What changes were proposed in this pull request?

As reported on the jira, insert overwrite statement runs much slower in Spark, compared with hive-client.

It seems there is a patch HIVE-11940 which largely improves insert overwrite performance on Hive. HIVE-11940 is patched after Hive 2.0.0.

Because Spark SQL uses older Hive library, we can not benefit from such improvement.

The reporter verified that there is also a big performance gap between Hive 1.2.1 (520.037 secs) and Hive 2.0.1 (35.975 secs) on insert overwrite execution.

Instead of upgrading to Hive 2.0 in Spark SQL, which might not be a trivial task, this patch provides an approach to delete the partition before asking Hive to load data files into the partition.

Note: The case reported on the jira is insert overwrite to partition. Since Hive.loadTable also uses the function to replace files, insert overwrite to table should has the same issue. We can take the same approach to delete the table first. I will upgrade this to include this.
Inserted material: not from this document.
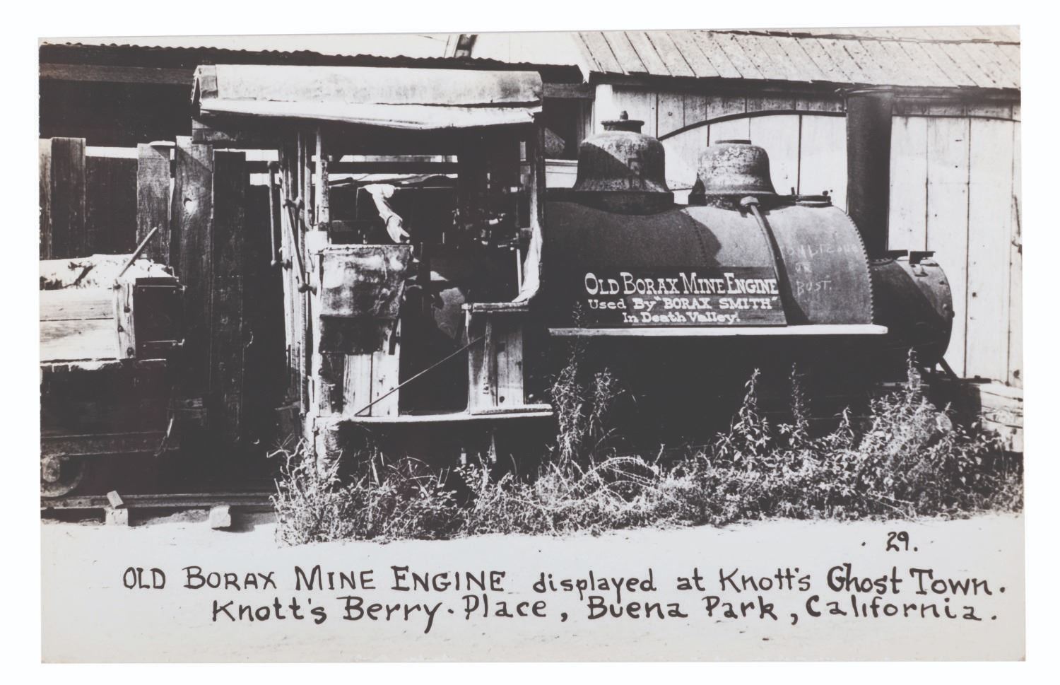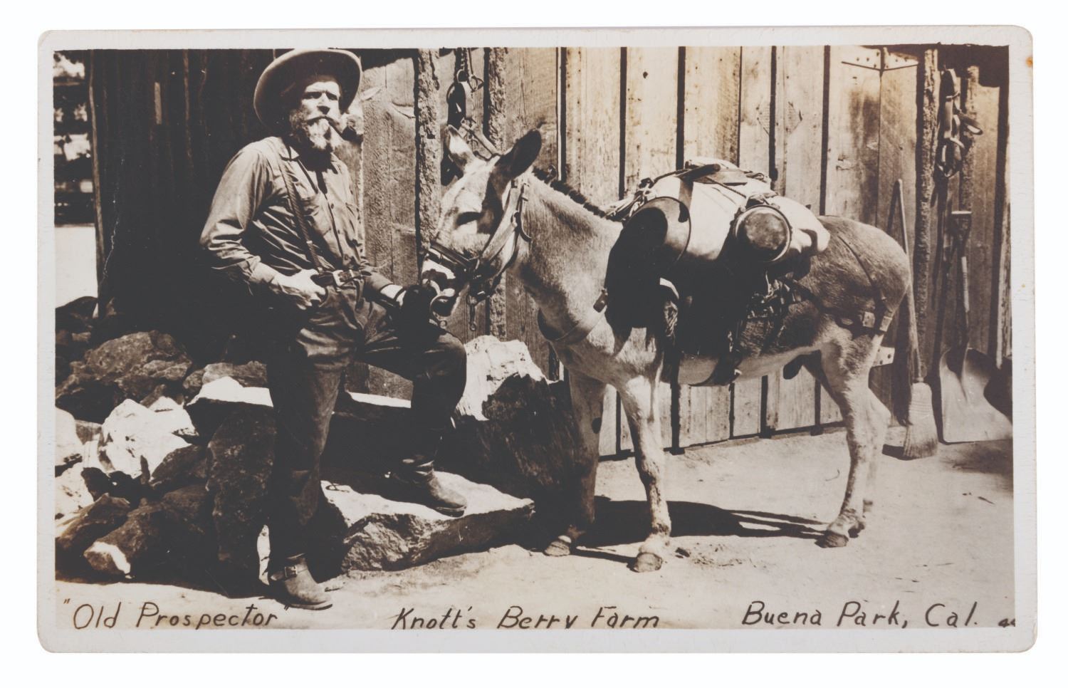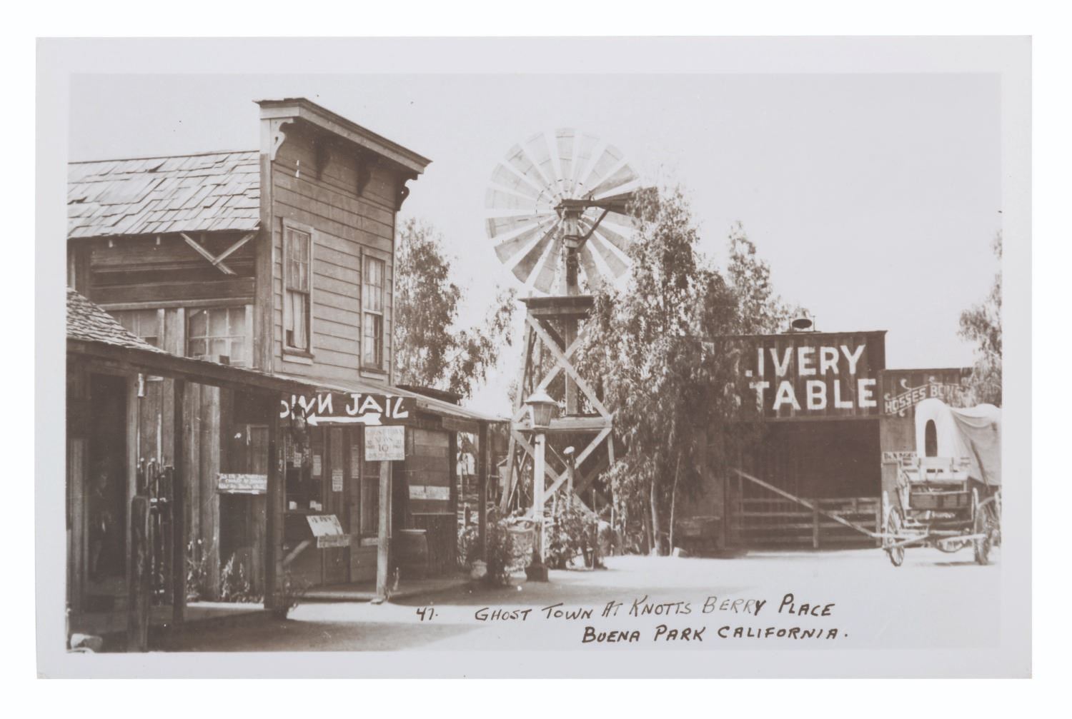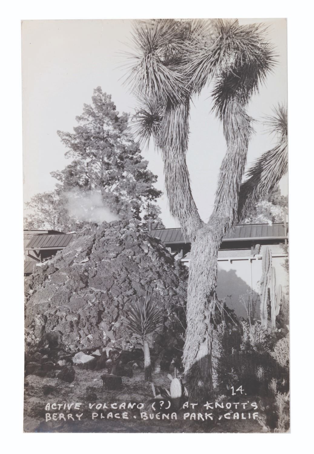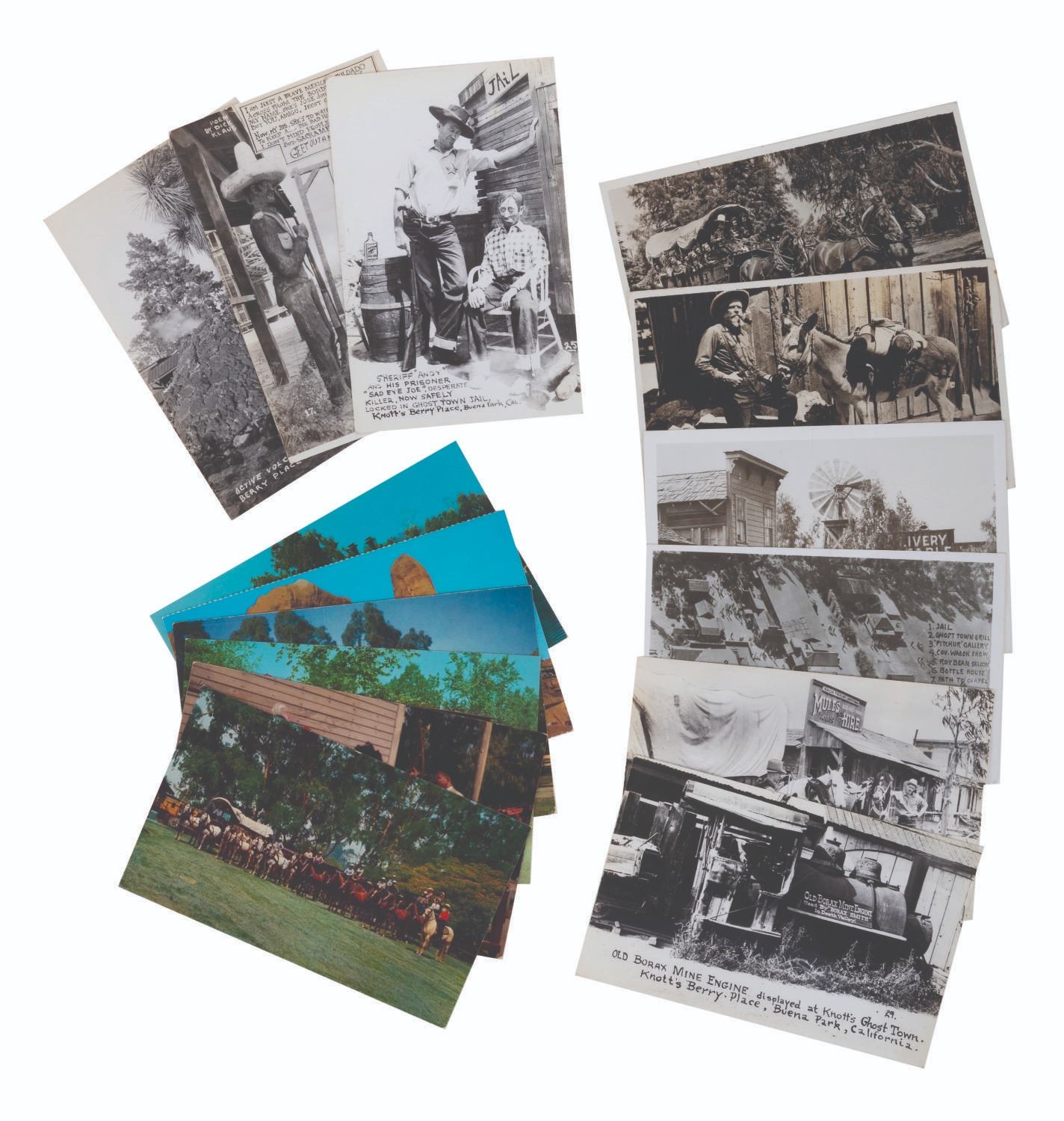 (Knott's Berry Farm, 1940s-1970s) A collection of 15 post cards dating to the early days of Knott's Berry Farm. Included are (9) early black and white cards, and (6) color. Subjects include a map and features of the Ghost Town, an active volcano attraction, stagecoaches, and more. The cards all measure 3.5"x5.5" and are in good to very good condition, with (1) black and white card of the covered wagon ride in fair condition with a corner torn.

How was this patch tested?

Jenkins tests.

There are existing tests using insert overwrite statement. Those tests should be passed. I added a new test to specially test insert overwrite into partition.

For performance issue, as I don't have Hive 2.0 environment, this needs the reporter to verify it. Please refer to the jira.

Please review https://cwiki.apache.org/confluence/display/SPARK/Contributing+to+Spark before opening a pull request.

@SparkQA
Copy link

SparkQA commented Oct 28, 2016

Test build #67686 has finished for PR 15667 at commit 81dbeb1.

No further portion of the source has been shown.